#### [RECORD EXTRACTS]
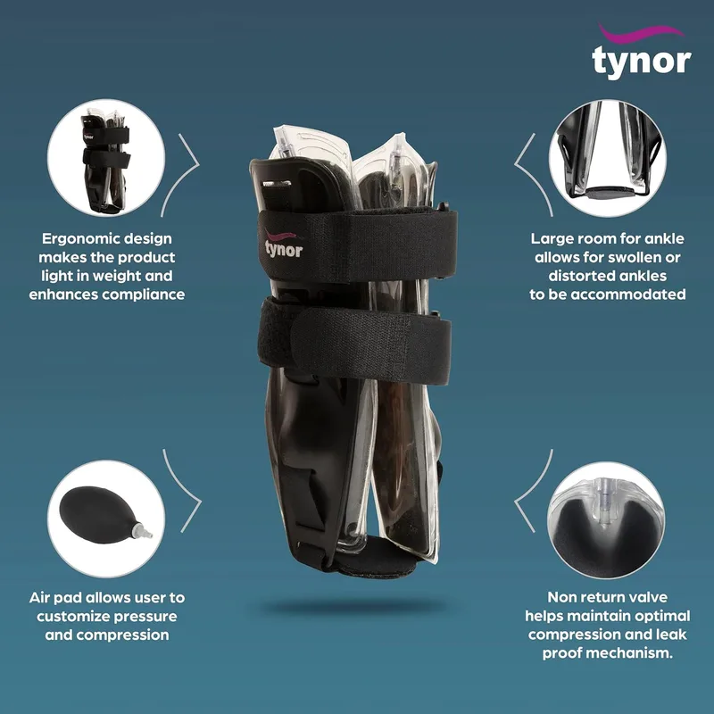 Tynor Air Ankle Splint is expertly designed to immobilize, stabilize, and protect the ankle following injuries such as sprains, ligament tears, or chronic ankle instability. Its unique air-cushioned design adapts to the natural contours of the ankle, offering personalized compression and increased comfort during recovery.
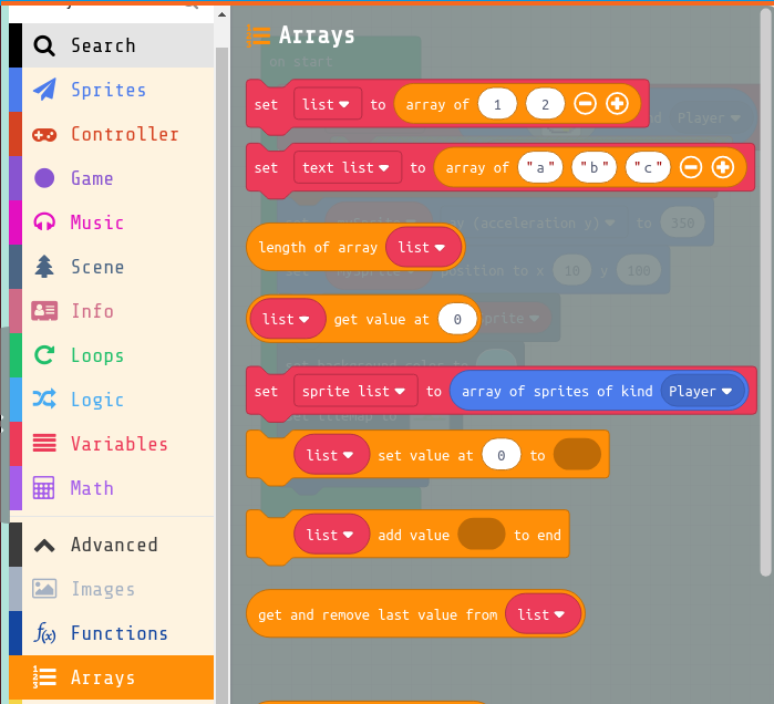 From Advanced > Arrays drag in a set list to array of block to the end of the on start block above the call createLevels block.
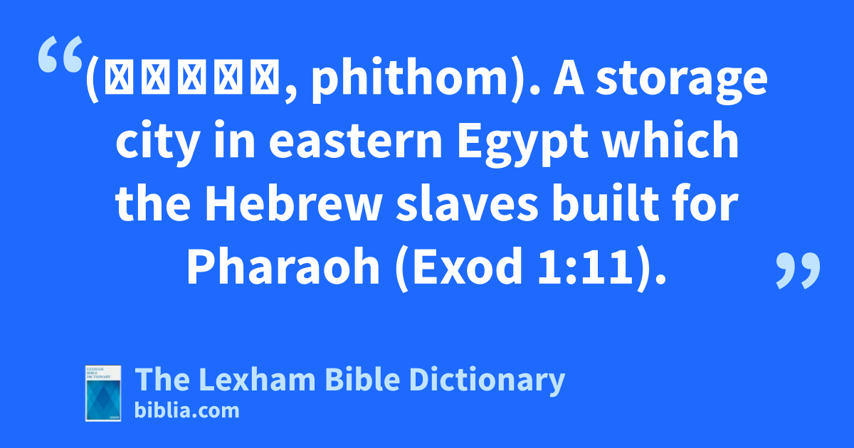 Pithom (פִתֹם, phithom). A storage city in eastern Egypt which the Hebrew slaves built for Pharaoh (Exod 1:11).
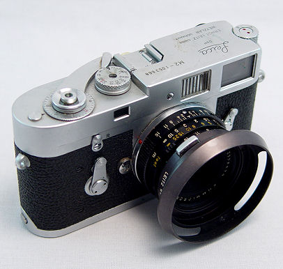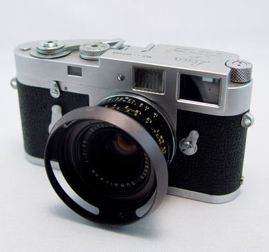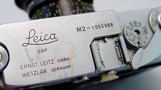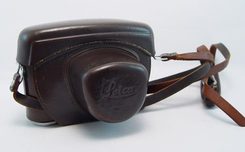 LEICA M2 CAMERA: Includes flash unit, 90mm lens (Ernst Leitz), 2 Kalimar lenses, lens covers, pocket guide and Leica camera equipment catalogs. In leather cover, appears to be in working order.
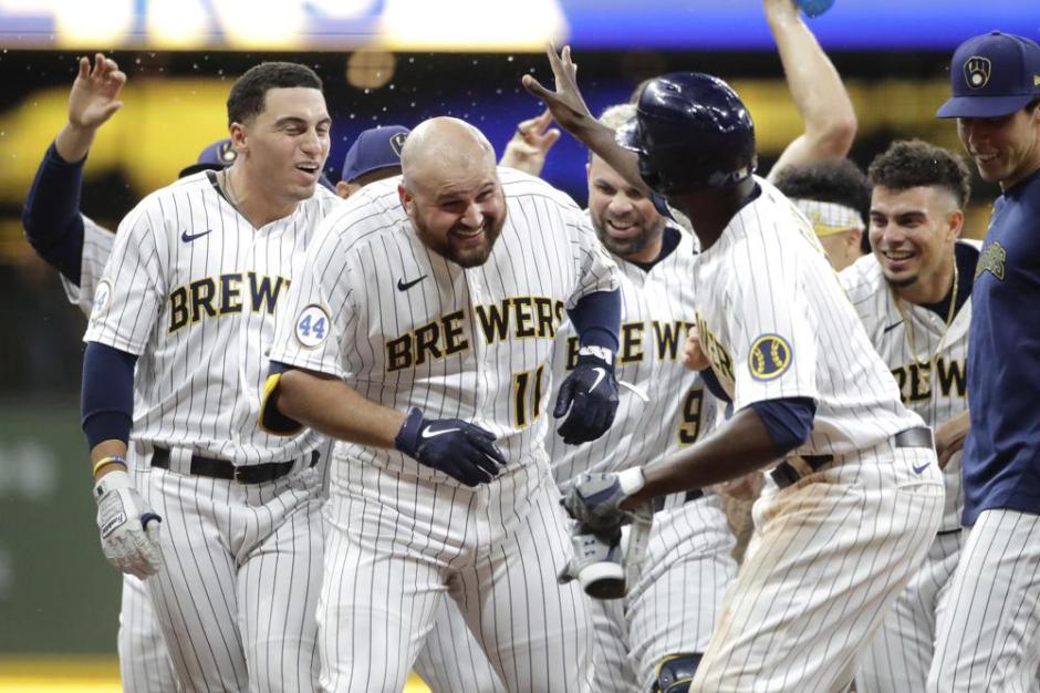 All my Rowdy friends, the Milwaukee Brewers Rowdy Tellez gets congratulations after knocking in the game winning runner Avisail Garcia with a walk off single in the tenth inning on Fri Aug 6, 2021 at Miller Park in Milwaukee (AP News photo)
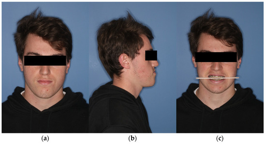 Extraoral view of the patient preoperatively. (a) En-face image. (b) Profile view from right (c) Frontal image showing the occlusal plane.
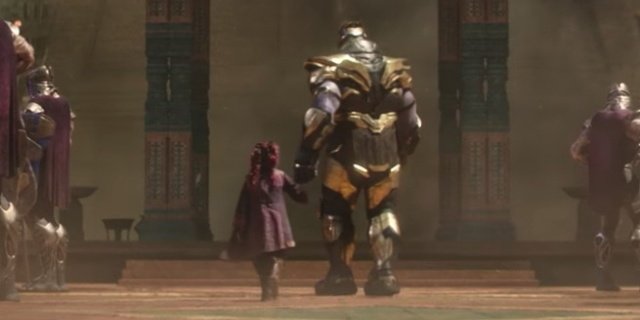 La teoría también dice que la mayoría de las veces cuando las personas discuten sobre Thanos, su miedo está envuelto en el color púrpura, claramente evidente en la escena anterior entre Gamora y Quill en el Benatar. La guinda del pastel, sin embargo, es cuando Gamora y Thanos llegan a Vormir. Allí, el sol naranja está siendo eclipsado por una luna púrpura, algo totalmente intencional.
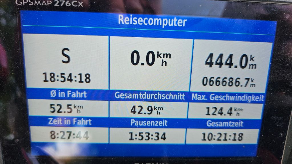 Bevor es in die Berge ging, hielt ich an einer Tankstelle, um zu tanken und bei einem Getränk auf dem Handy nach einer Übernachtung zu suchen. Da stand ein anderes Moped, auch eine Honda (VFR 1200, V4, in rot!), und ich kam mit dem älteren Fahrer ins Gespräch. Er sei auf dem Weg zu einem Motorradtreffen oben in dem Bergen, ob ich ein Zelt dabei habe.

#### [WHAT THE TASK ASKS]
From the first line of the entries above down to the line holding "From Advanced >", quote each line exactly and nothing else, skipping pictures.

#### [RESPONSE BOX]
 Tynor Air Ankle Splint is expertly designed to immobilize, stabilize, and protect the ankle following injuries such as sprains, ligament tears, or chronic ankle instability. Its unique air-cushioned design adapts to the natural contours of the ankle, offering personalized compression and increased comfort during recovery.
 From Advanced > Arrays drag in a set list to array of block to the end of the on start block above the call createLevels block.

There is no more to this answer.